So the proposed patch makes sense to some extent. But it only cures the
symptom. The real underlying questions are:

1) Should we provide a panic mode read callback for clocksources which
are affected by this?

2) Is it correct to claim that a MCE which hits user space and ends up in
mce_panic() is still just a regular exception or should we upgrade to
NMI class context when we enter mce_panic() or even go as far to
upgrade to NMI class context for any panic() invocation?

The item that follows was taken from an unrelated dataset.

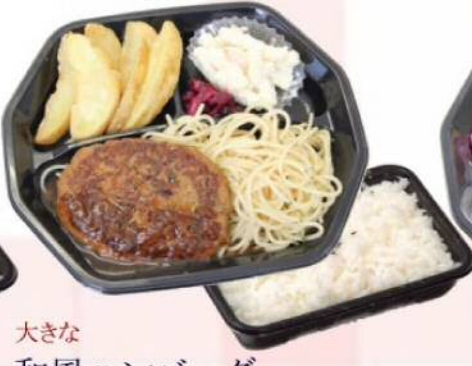
大きな 和風ハンバーグ ¥519(税込¥560)
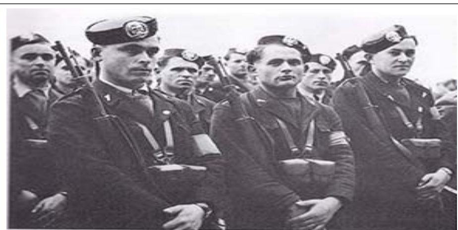
unità Della Milizia Volontaria Anticomunista (MVAC).

Dal 1941 fino alla capitolazione d'Italia nel settembre 1943 queste bande furono ufficialmente riconosciute ed impiegate (a volte direttamente inquadrare) dal Regio Esercito italiano quali truppe ausiliarie per la difesa e la sicurezza della Provincia di Zara ed altri territori del Montenegro, Dalmazia, Bosnia ed Erzegovina e Slovenia sotto amministrazione o controllo italiano. Il Regio Esercito schierò molte bande, battaglioni e legioni, mentre la Banda n. 9 "della Marina", formata da greco-ortodossi e da giovani italiani nativi della Dalmazia, era alle dipendenze della Base della Regia Marina: indossavano la divisa da fatica dei marinai e il basco blu; operò a fianco di una compagnia del Reggimento "San Marco".

#1 Solves it at the clocksource level. It still needs HPET specific
changes.

#2 Solves a whole class of issues

... while potentially introducing new ones :)

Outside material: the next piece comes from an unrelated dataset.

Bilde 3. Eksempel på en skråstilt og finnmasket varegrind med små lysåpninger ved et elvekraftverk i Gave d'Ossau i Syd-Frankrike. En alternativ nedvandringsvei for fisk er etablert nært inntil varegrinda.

To me upgrading any panic() invocation to NMI class context makes a
lot of sense because in that case all bets are off.

in_nmi() is used in quite some places to avoid such problems. IOW,
that would kill a whole class of issues instead of "curing" the HPET
problem locally for the price of an extra conditional. Not that the
extra conditional matters much if HPET is the clocksource as that's
awfully slow anyway and I really don't care about that.

But I very much care about avoiding to sprinkle panic_cpu checks all
over the place.

Thanks,

tglx

2024-05-28 23:22:32

by Linus Torvalds

[permalink] [raw]
Subject: Re: [PATCH] x86/hpet: Read HPET directly if panic in progress

On Tue, 28 May 2024 at 15:12, Thomas Gleixner <[email protected]> wrote:
>
> I principle it applies to any clocksource which needs a spinlock to
> serialize access. HPET is not the only insanity here.

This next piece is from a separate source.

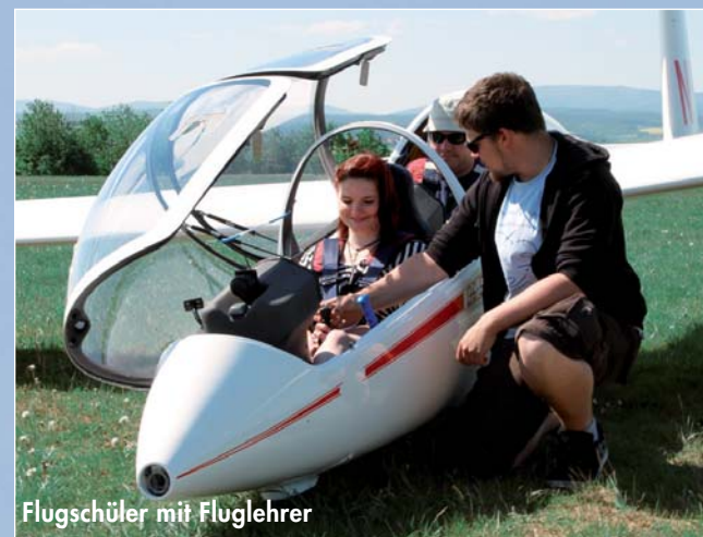
Flugschüler mit Fluglehrer

NEIN! Der Aero-Club hat eine große Flotte. Die Flugzeuge stehen für die Ausbildung, Spazierflüge und Wettbewerbe zur Verfügung und sind so modern, dass sie auch bei internationalen Meisterschaften konkurrenzfähig sind.
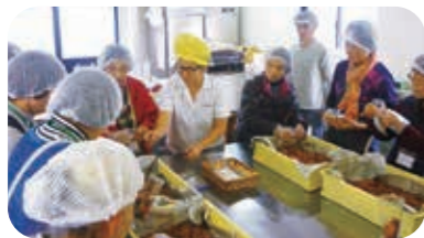
↑かりんとう工房見学

HPET may be the main / only one we care about.

Because:

> Think about i8253 :)

I see the smiley, but yeah, I don't think we really care about it.

> 1) Should we provide a panic mode read callback for clocksources which
> are affected by this?

The current patch under discussion may be ugly, but looks workable.
Local ugliness isn't necessarily a show-stopper.

So if the HPET is the *only* case which has this situation, I vote for
just doing the ugly thing.

Now, if *other* cases exist, and can't be worked around in similar
ways, then that argues for a more "proper" fix.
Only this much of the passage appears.